From the line with "1、游戲初始界面有開始游戲按" to the line with "Handmade oddity bobcat", retype each line exactly as it stands in the records below, but skip the pictures.

Recorded information: Begin

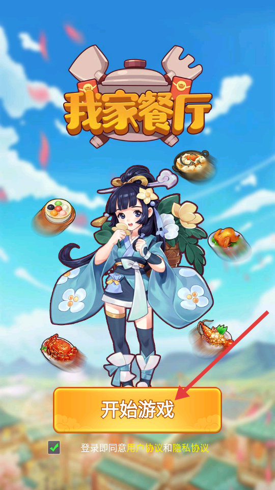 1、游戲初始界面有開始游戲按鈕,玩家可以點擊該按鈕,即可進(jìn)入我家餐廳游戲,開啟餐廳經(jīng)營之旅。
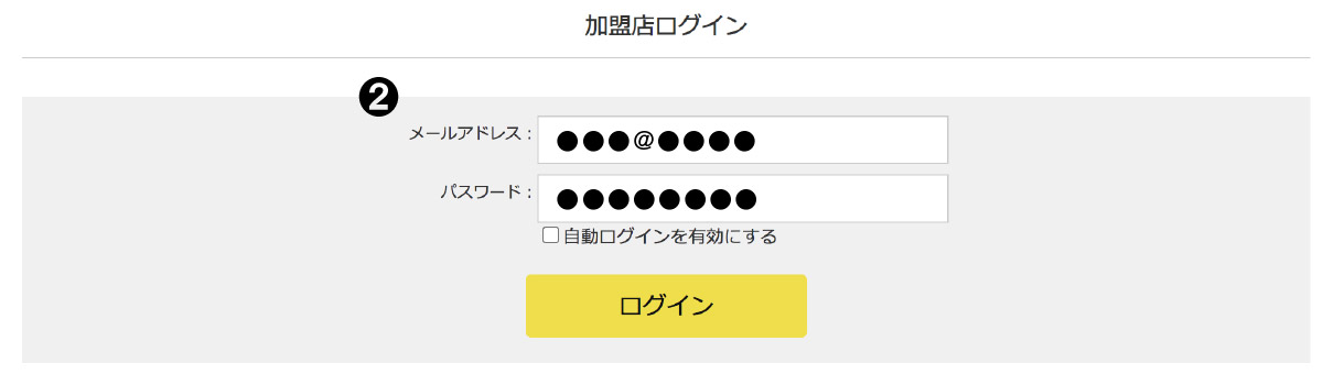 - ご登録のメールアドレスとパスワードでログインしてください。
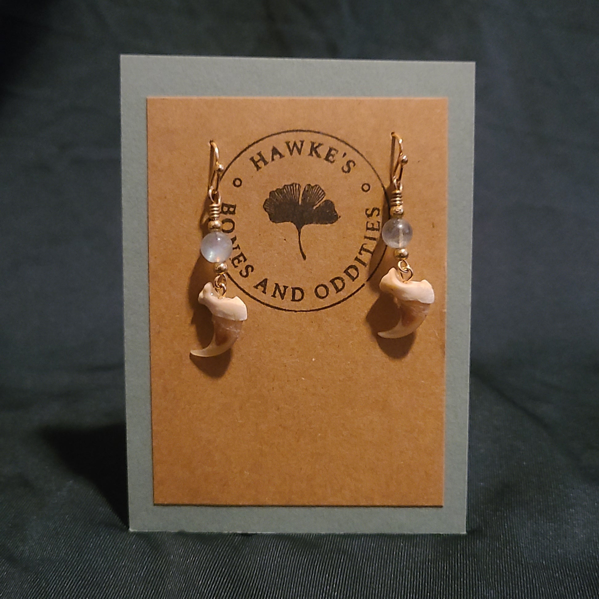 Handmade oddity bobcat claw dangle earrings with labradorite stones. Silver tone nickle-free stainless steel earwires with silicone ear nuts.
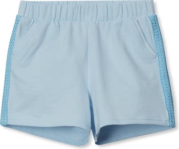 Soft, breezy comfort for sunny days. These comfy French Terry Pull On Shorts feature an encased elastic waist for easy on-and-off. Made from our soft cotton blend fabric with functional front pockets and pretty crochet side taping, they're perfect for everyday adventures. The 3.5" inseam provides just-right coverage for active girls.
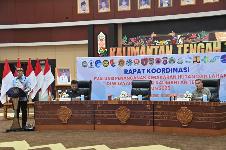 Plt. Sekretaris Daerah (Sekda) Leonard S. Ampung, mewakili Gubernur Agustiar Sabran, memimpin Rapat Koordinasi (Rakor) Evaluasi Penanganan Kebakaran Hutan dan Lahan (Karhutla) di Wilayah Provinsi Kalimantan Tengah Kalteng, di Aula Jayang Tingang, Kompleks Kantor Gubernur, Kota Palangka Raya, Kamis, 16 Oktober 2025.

Recorded information: End
Recorded information: Begin

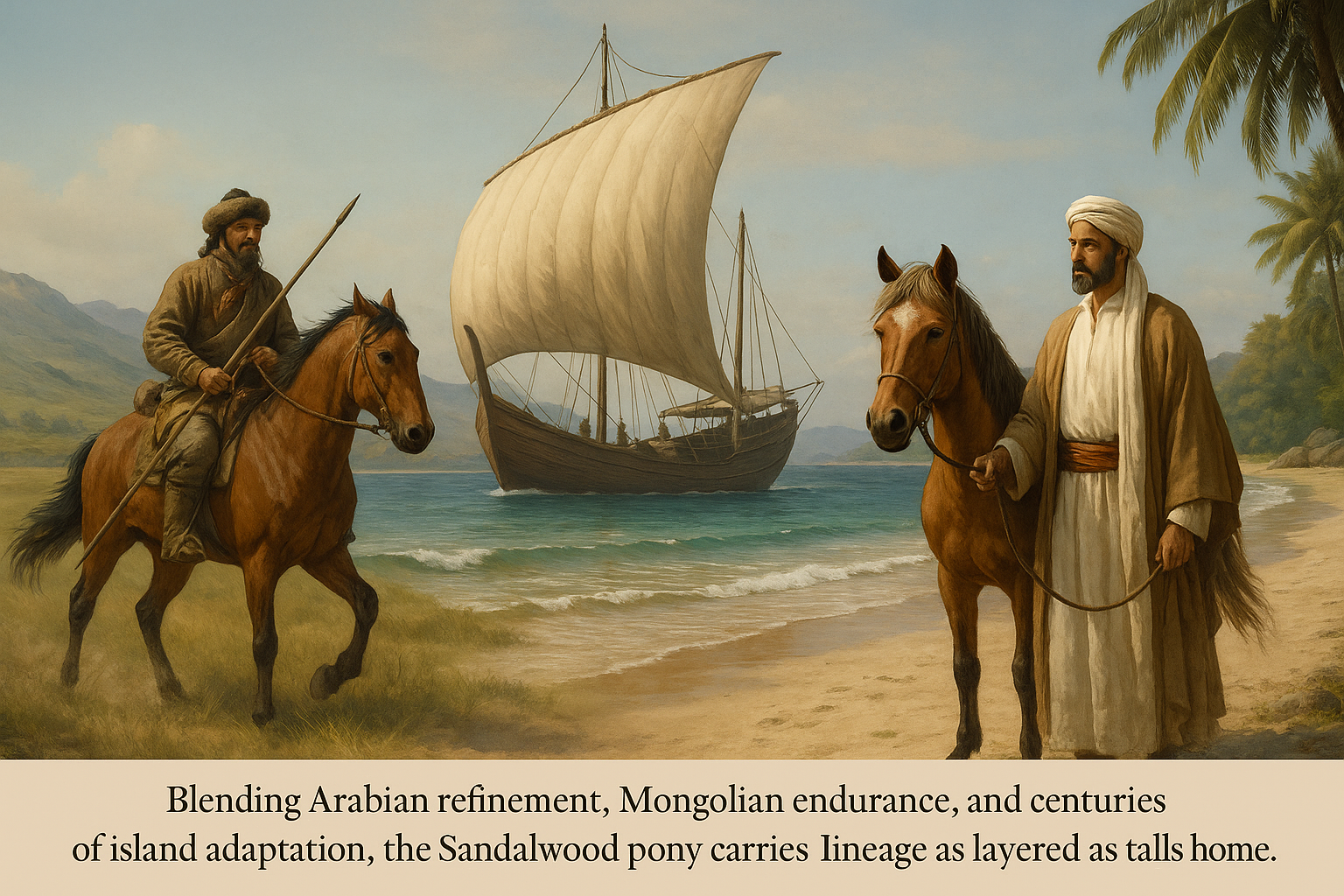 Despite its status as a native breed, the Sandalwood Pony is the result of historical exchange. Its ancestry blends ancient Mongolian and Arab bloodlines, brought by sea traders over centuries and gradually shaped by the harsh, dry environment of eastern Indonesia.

Recorded information: End
Recorded information: Begin

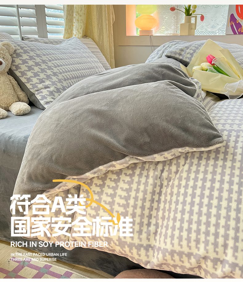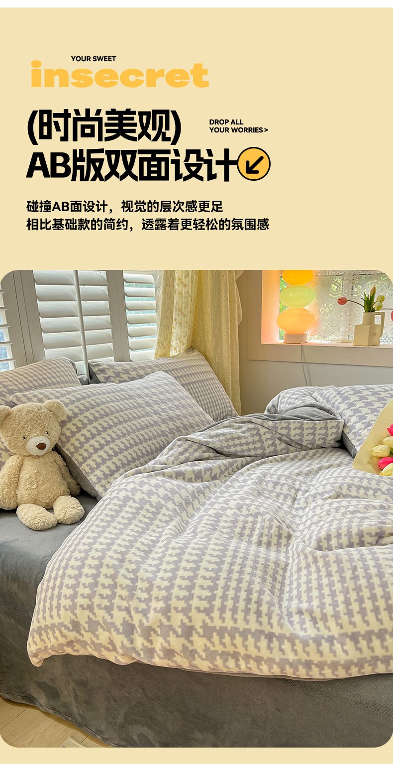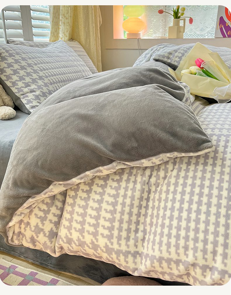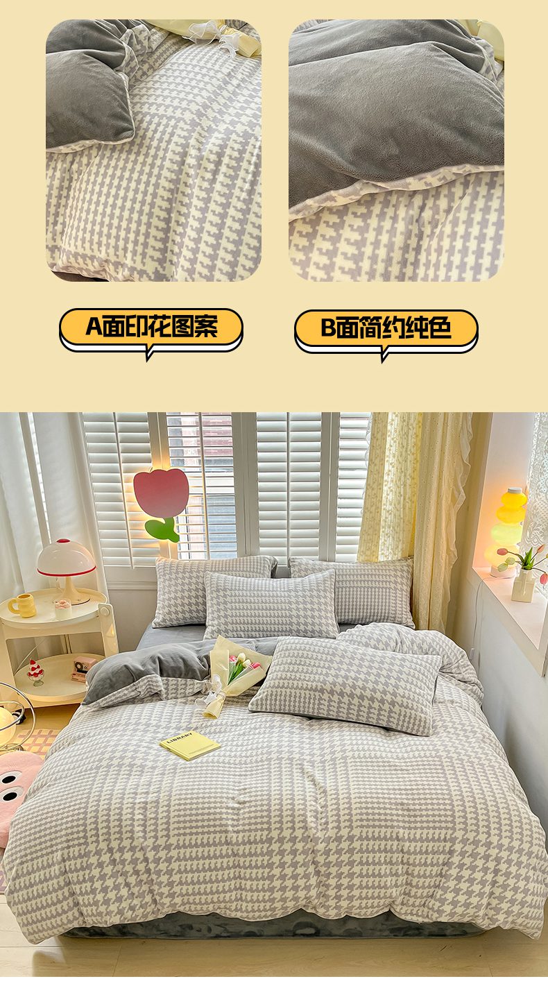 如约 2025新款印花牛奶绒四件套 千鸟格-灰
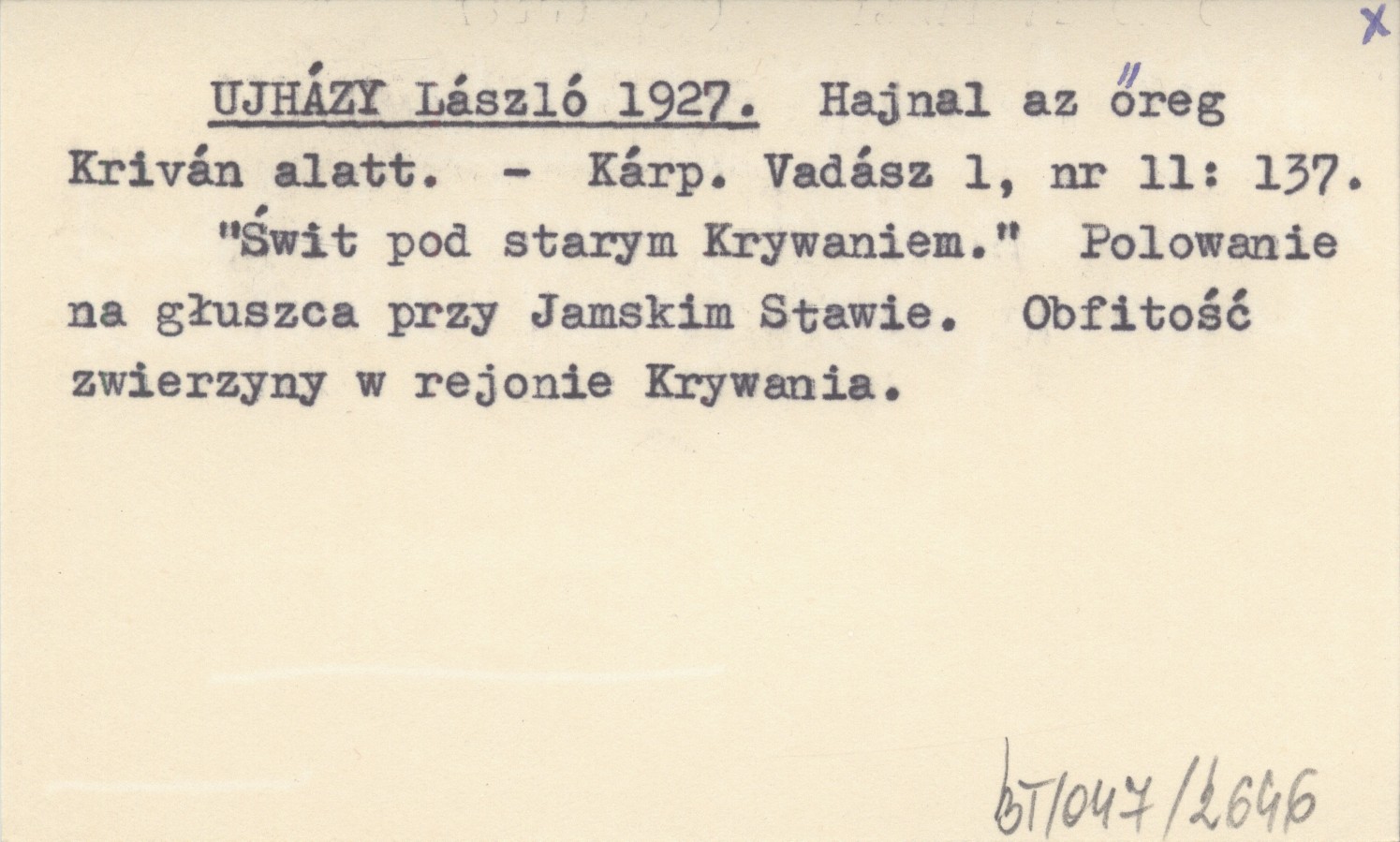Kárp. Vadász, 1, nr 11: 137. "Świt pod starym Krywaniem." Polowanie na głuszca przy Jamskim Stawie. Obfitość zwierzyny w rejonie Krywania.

Recorded information: End

Answer space »
 1、游戲初始界面有開始游戲按鈕,玩家可以點擊該按鈕,即可進(jìn)入我家餐廳游戲,開啟餐廳經(jīng)營之旅。
 - ご登録のメールアドレスとパスワードでログインしてください。
 Handmade oddity bobcat claw dangle earrings with labradorite stones. Silver tone nickle-free stainless steel earwires with silicone ear nuts.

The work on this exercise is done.